Die Wiesn ist für Wirte und Schausteller offenbar ein echtes Schnäppchen - auch was die Pachtzahlungen angeht. Nach Berechnung des Revisionsamts verlangt die Stadt als Veranstalter derart niedrige Entgelte, dass das größte Volksfest der Welt in den Jahren 2008 bis 2010 sogar defizitär war - aus kommunaler Sicht natürlich nur.

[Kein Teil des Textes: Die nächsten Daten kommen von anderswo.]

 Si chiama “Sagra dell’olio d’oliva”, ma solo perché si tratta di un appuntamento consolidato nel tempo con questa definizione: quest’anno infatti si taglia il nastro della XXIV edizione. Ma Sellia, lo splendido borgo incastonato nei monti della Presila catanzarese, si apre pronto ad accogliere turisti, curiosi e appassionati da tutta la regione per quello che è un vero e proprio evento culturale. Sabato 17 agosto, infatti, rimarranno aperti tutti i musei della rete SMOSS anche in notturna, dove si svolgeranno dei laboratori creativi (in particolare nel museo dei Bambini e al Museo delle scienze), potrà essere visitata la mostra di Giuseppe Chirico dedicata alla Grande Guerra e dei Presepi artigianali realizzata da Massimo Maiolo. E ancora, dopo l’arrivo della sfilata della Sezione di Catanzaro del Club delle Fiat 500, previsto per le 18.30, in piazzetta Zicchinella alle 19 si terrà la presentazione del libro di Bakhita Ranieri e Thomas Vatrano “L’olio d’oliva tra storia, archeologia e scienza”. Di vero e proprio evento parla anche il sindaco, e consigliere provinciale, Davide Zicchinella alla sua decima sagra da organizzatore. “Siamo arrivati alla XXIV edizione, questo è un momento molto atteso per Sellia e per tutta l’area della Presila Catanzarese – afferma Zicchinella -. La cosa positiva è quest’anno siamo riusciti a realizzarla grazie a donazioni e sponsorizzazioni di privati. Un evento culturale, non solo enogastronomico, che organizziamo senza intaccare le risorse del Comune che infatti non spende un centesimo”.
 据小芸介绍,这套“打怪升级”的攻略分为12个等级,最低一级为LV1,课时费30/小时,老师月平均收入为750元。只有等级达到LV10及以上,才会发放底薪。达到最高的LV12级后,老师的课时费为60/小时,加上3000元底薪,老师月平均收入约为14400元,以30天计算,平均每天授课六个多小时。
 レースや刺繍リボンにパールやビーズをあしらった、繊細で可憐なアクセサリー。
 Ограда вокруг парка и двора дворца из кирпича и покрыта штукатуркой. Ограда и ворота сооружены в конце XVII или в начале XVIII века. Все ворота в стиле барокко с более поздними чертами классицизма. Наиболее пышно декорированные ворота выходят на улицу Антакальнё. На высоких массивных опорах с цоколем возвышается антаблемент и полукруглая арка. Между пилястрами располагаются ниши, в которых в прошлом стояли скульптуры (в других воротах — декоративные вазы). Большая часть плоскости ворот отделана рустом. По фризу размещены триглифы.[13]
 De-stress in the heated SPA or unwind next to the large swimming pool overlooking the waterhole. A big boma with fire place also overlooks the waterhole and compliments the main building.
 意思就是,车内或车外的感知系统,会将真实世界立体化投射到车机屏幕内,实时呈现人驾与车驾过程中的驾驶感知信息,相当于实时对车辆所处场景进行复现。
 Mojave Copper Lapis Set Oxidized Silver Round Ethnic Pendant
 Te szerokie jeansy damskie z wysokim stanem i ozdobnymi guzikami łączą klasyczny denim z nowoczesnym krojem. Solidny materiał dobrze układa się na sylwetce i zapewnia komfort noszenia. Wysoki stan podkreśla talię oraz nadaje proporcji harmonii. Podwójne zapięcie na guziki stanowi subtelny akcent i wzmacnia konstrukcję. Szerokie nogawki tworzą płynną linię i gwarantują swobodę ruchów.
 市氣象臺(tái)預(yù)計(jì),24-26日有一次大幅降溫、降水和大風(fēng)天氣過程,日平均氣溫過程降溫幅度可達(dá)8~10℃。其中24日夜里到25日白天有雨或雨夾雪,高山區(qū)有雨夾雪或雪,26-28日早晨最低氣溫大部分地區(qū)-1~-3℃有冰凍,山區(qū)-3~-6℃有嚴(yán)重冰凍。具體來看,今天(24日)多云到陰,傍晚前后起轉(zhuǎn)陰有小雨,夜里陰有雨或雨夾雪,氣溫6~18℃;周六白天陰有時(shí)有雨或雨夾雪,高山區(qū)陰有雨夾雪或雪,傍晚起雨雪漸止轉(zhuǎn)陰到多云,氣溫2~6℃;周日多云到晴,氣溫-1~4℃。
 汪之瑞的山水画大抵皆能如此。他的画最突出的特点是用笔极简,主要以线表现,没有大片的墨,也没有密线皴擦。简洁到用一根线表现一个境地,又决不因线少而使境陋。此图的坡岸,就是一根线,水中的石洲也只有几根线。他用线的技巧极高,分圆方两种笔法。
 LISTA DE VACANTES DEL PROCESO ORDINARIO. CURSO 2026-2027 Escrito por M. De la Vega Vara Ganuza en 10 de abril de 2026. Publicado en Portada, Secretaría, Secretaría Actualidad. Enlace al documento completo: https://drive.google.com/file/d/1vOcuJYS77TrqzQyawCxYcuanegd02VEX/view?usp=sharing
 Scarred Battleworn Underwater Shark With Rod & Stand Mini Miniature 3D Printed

Während die Wirte mehr und mehr Bier verkauften, habe die Stadt zwischen 2002 und 2011 ihre Tarife im Wesentlichen nur an die Kostensteigerungen angepasst - für den Riesenaufwand rund um die versenkbaren Sicherheitspoller etwa. Das aber reichte insgesamt nicht aus: Allein 2008 entstand ein Minus von 212.889 Euro und 74 Cent im Stadtsäckel, steht in dem Bericht des Revionsamts, der im Juli in nicht-öffentlicher Sitzung im Rechnungsprüfungsauschuss des Stadtrats behandelt wurde.

Der zuständige Referent Dieter Reiter (SPD) räumt die Probleme ein und will die Entgelte nun neu kalkulieren. Die abschließende Entscheidung muss jedoch der Stadtrat treffen, der die Wiesn-Tarife jährlich absegnet. Das Revisionsamt hält eine Erhöhung für unerlässlich, damit zumindest keine Defizite mehr entstehen.

Dass das Oktoberfest auch künftig nicht zum Goldesel für die Stadt wird, ist für das Revisionsamt akzeptabel - es gibt seit Anfang der 1970er Jahre den Konsens, mit den Standgeldern keine Gewinne zu erzielen. Schließlich ist die Wiesn gesamtwirtschaftlich betrachtet ein Segen: Spült sie doch pro Jahr zwischen 850 und 90 Millionen Euro in die Taschen von Wirten (nicht nur auf der Wiesn selbst), Hoteliers, Taxifahrern, Karussellbetreibern und Würstlverkäufern.

Dennoch finden die städtischen Prüfer, dass die städtischen Entgelte für Wiesnwirte und Schausteller in keinem Verhältnis stehen zu dem Umsatz, der sich auf der Theresienwiese erzielen lässt. Immerhin sei der Bierausschank seit 2002 um 27 Prozent angestiegen, der Umsatz sogar um 42 Prozent. Auch die Stadt hat zwar an der Kostenschraube gedreht: Um immerhin 78 Prozent sind die Entgelte im gleichen Zeitraum angestiegen. Davon allerdings hatte das Stadtsäckel nicht viel. Das Gros der Erhöhung wurde durch zusätzlich entstehende Kosten aufgefressen oder ist auf Vorteile für die Wirte zurückzuführen: durch die Nutzung größerer Flächen beispielsweise oder die Verlängerung der Wiesn um einen Tag.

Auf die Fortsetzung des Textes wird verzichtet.